In fact, all similar queries such as ‘who are all the users created after a certain date’ or ‘which users live in a particular city’ would all return such a subset from the total user collection.

As you can see, these types of questions are easily answered by graph databases, but this problem-answer set is not at all a graph-like problem. There are no apparent relationships or associations between users to surface other interesting insights.

Data in Relationships

Now, let’s say a graph database powers an online forum where users are able to post questions. These questions in turn can be answered by other users. An updated data model would look like:

Now, not only is there now more data in the form of additional nodes, but there is data in-between them. For example: What is the number of degrees that separate most users? What subset of users only answers questions when no other answers exist?

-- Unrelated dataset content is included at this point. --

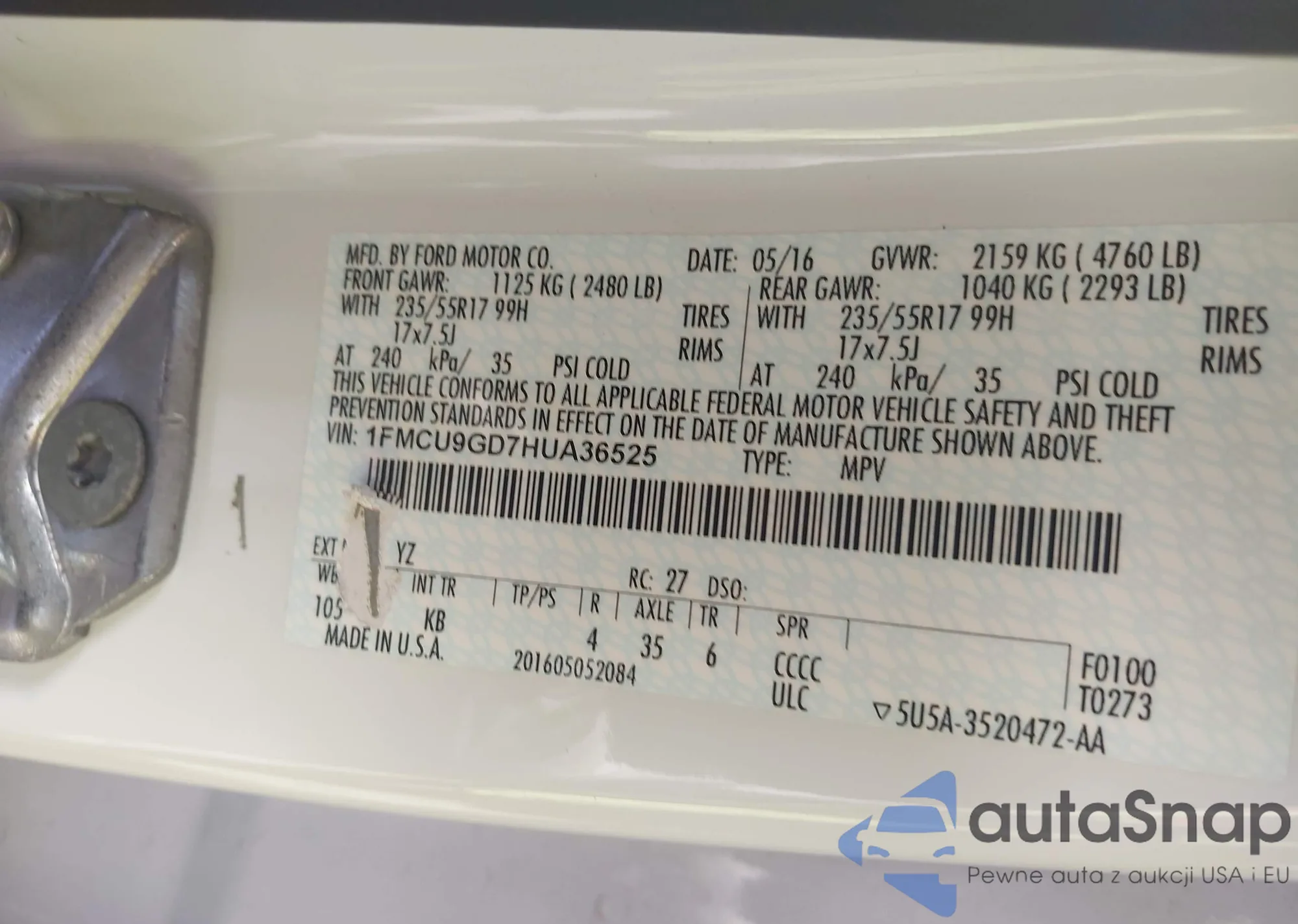• VIN 1FMCU9GD7HUA36525

Notice the entire graph of the above data model manifests as a collection of interspersed clusters of nodes, like pock marks on a potato. Their clustered arrangement, in little, separate groups, may give you the impression that most of the questions to which these nodes refer, are not at all related to one another. In reality this is unlikely as users are probably asking questions around a specific context. On a car maintenance forum, for example, users would probably be asking for tips on how to maintain or modify particular car or components types.

So we’re missing something that better ties or categorizes questions together. One way to connect them would be to tag keywords to each question. Lets add a new Node type labeled ‘Tag’, with a keyword being a unique name property.

With this addition, the updated data model becomes:

Note there are a few other ways we could have made these keyword associations within Neo4j, but this is the clearest option – a fact which will become more apparent in a moment. For more information on other options and best practices regarding node labeling, see this Medium article by David Allen.

Once we include these tags into our database, we get a much richer network where are all the data nodes are now interlinked:

Graph data like this is simultaneously beautiful and intimidating to look at. Initially you may not know where to start, but this is where graph database visualizations can be incredibly convenient. Just by looking at this visualized graph we can instantly see that most of the questions represented revolve around a tag called ‘cypher’, which is an open sourced query language for graph dbs.

Cypher uses ASCII-art styled syntax that makes it easy to form pattern related queries and run CRUD operations. Knowing how to write Cypher queries will help you get more out of graph db but is not strictly necessary with the availability of interactive visualization tools like Neo4j Bloom.

With Bloom you can quickly explore a dataset by zeroing in on particular nodes, relationships, or patterns to do things like finding clusters or outliers of data, or shortest paths between sets of nodes.

What Next

There are, and always will be, genuine purposes for relational and NoSQL databases – both the tools and the data constructs. But graph database managers such as Neo4j are extremely powerful tools for storing and querying loosely or deeply interconnected information. Not only can they support simple queries from tabular data, but they can also answer important questions that surface from the relationships between that data.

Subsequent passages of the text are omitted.